Let’s be clear, shall we? David Brooks does not believe that American voters are rational, and he has never used his rhetorical and political skills to help them become more so. On the News Hour in 2004, he announced that John Kerry had flunked “the Joshua test” by meeting Brooks’ young son Joshua and turning him off. “Anyone who can’t relate to a 10-year-old boy can’t relate to the American electorate,” Brooks opined, but if he was right, why does he disparage Westen for saying pretty much the same, with regret, not a smirk?
The question Westen’s book ought to prompt isn’t really whether voters are rational or irrational. As Marcuse wrote in 1938, the broader rationalism of a democratic socialism or republicanism that overrides markets at times to achieve common goods after rational public deliberation “is well aware of the limits of human knowledge and of rational social action, but it avoids fixing these limits too hurriedly and, above all, making capital out of them for the purpose of uncritically sanctioning established hierarchies.” The question Westen’s book should prompt is whether real leaders and opinion makers are needed to lift, not lower, people’s sights. “It is the business of our Chief Thinkers to tell us of our own deeper desires, not to keep shrilling our little desires in our ears,” D. H. Lawrence insisted. Does Brooks agree?
After a decade shrilling our little desires in our ears, Brooks denies or ignores the extent to which anyone is doing it at all, except Westen. Brooks asks,
“Finally, if voter decisions are driven by the sort of crude emotional outbursts Westen recommends, and if, as he writes, ‘a substantial minority of Americans hold authoritarian, intolerant ideologies….’, then shouldn’t we abandon this whole democracy thing? Shouldn’t we have a coup, led perhaps by the Emory psychology department, which could prevent the brutish and hate-filled from ever gaining control?”

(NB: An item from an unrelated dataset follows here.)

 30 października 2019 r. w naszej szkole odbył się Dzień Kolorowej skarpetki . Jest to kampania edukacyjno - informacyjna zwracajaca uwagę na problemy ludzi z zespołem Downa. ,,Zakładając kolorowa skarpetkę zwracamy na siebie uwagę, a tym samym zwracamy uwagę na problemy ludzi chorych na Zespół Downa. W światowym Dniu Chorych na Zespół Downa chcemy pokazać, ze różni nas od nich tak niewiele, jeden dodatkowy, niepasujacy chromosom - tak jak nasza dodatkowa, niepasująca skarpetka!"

Our college debater concludes triumphally:
“It’s rare that one comes across a book that raises so many questions. Of course it’s rare that one comes across a book that so avidly flatters the prejudices of its partisan readers.”
It’s also rare to come across a book review that so avidly flatters the prejudices of editors at the Neoconservative Damage Control Gazette which they have made of New York Times Book Review a few times too often since 2002. The sophistry of Brook’s supposedly rhetorical question – “Shouldn’t we have a coup?” – evades the record of his own apologetics for something like a coup from November, 2000 through at least 2005, when the conservative shock troops, spin machine and Bush factota whom Brooks promoted and defended won elections with Swift Boat and GWOT fear-mongering and a creeping coup of unwarranted surveillance, detention, and signing statements.

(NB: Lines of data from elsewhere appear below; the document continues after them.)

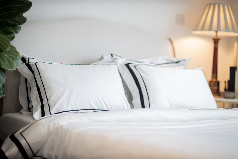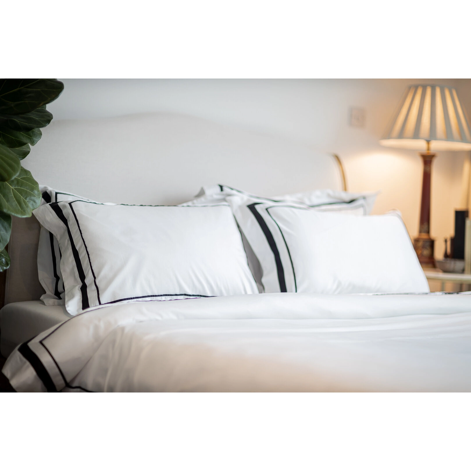 This smooth, 400 thread count, cotton sateen luxury bedding is woven with comfort, softness and durability in mind. The sateen technique of weaving gives the fabric a buttery soft feel and a very slight glow. This pure white bedding set has a double black coloured border all around the duvet and oxford pillow cases.
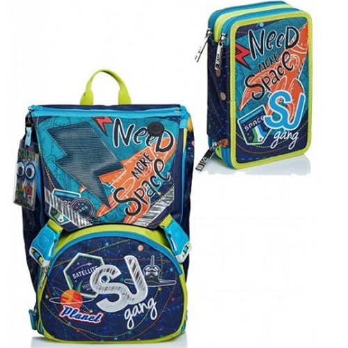 School Pack SJ Seven con fulmine led - Zaino + astuccio 3 zip - Gang 6C2002021 - estensibile - Ledtech Boy
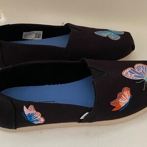 New in box, Toms canvas navy blue flats embroidered with colorful butterflies. With Ortholite insoles.
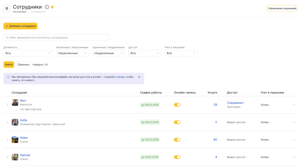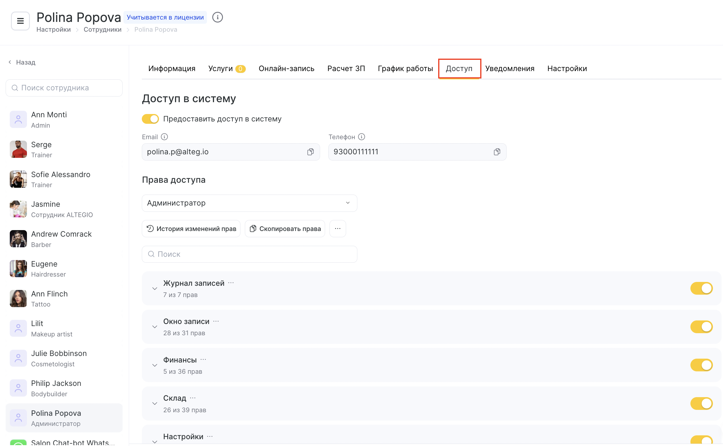 - Доступ в Altegio — сотрудник сможет входить в систему и пользоваться сервисом согласно назначенным правам доступа.
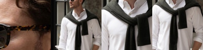 - Rolled forward topstitched shoulder
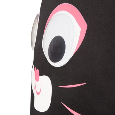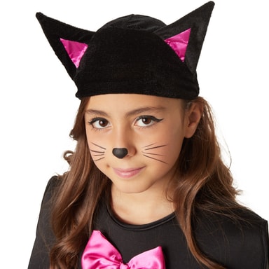 Kostymet Cartoon-katt til jenter og gutter består av en svart poncho med hvite og rosa effekter og borrelås bak. På fronten er det påsydd store plastøyne og en tversoversløyfe, samt en nese med værhår. På baksiden er det en påsydd kattehale av fløyel. Filthatt med spisse ører. Materiale: 100 % polyester.

I’d love to think that if voters have turned against these measures and minions, it’s because they’ve become more rational than they were when they accepted them. But I fear that the real reason is that while success has a thousand fathers, failure is an orphan – in Iraq, in New Orleans, in health insurance, in market regulation.

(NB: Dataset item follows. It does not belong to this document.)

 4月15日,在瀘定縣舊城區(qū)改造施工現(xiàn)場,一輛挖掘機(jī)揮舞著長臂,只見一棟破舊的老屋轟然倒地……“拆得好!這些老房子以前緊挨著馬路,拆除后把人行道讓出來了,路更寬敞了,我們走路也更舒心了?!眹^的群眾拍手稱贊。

Perhaps editors and producers are more rational than their stressed audiences. I’d ask Jim Lehrer at PBS, Ellen Weiss at NPR, and Gail Collins, Sam Tanenhaus, and Barry Gewen at the New York Times to read the essays linked above and ask how it has happened that all of them have offered their large, liberal-leaning audiences a smart, charming sophist, not a thoughtful, honest conservative or two who can contend worthily with Mark Shields, Harold Meyerson, E.J. Dionne, Ruth Marcus, Paul Krugman, and others.